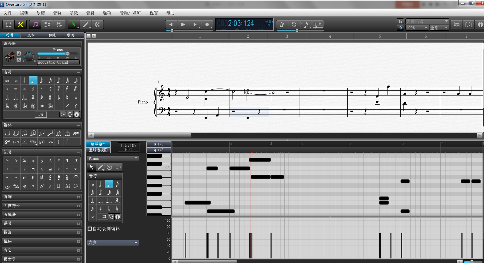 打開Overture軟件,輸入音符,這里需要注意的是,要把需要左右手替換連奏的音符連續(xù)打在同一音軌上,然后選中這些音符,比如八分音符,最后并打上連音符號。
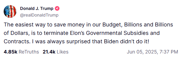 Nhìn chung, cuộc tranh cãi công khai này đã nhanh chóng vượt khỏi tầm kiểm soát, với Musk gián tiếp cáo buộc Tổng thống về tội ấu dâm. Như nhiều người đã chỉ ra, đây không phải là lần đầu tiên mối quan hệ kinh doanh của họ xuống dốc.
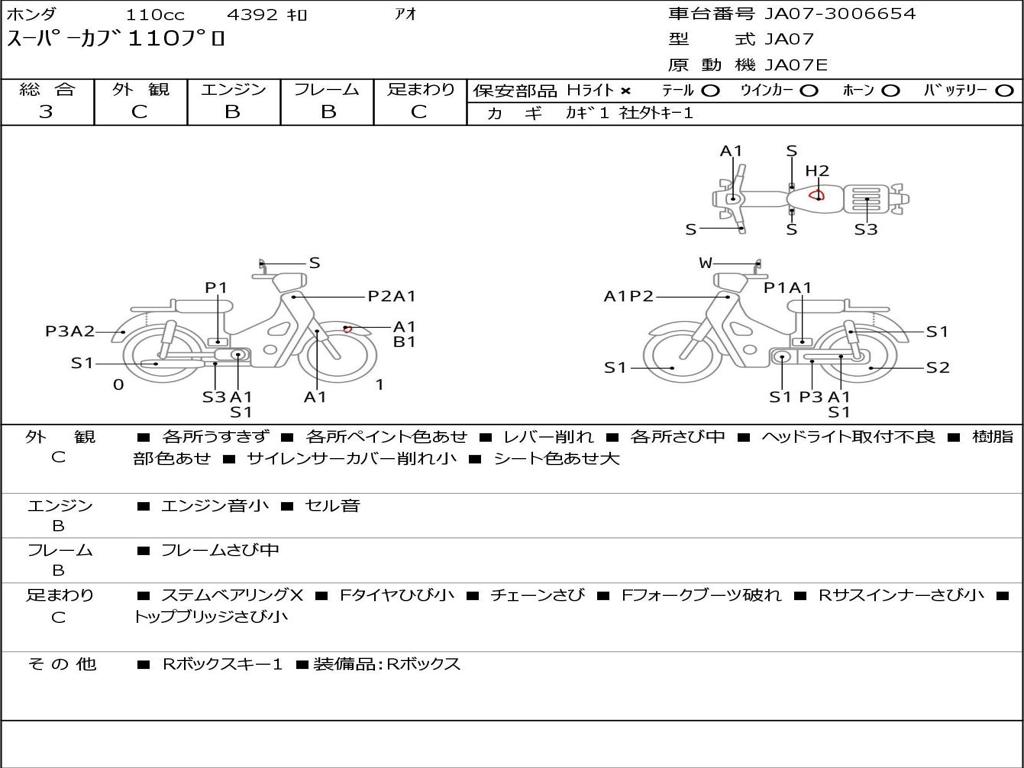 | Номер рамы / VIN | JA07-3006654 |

ASSIGNED TASK ▸
Restate the data above word for word. Do not include the images.

RESULT ▸
 打開Overture軟件,輸入音符,這里需要注意的是,要把需要左右手替換連奏的音符連續(xù)打在同一音軌上,然后選中這些音符,比如八分音符,最后并打上連音符號。
 Nhìn chung, cuộc tranh cãi công khai này đã nhanh chóng vượt khỏi tầm kiểm soát, với Musk gián tiếp cáo buộc Tổng thống về tội ấu dâm. Như nhiều người đã chỉ ra, đây không phải là lần đầu tiên mối quan hệ kinh doanh của họ xuống dốc.
 | Номер рамы / VIN | JA07-3006654 |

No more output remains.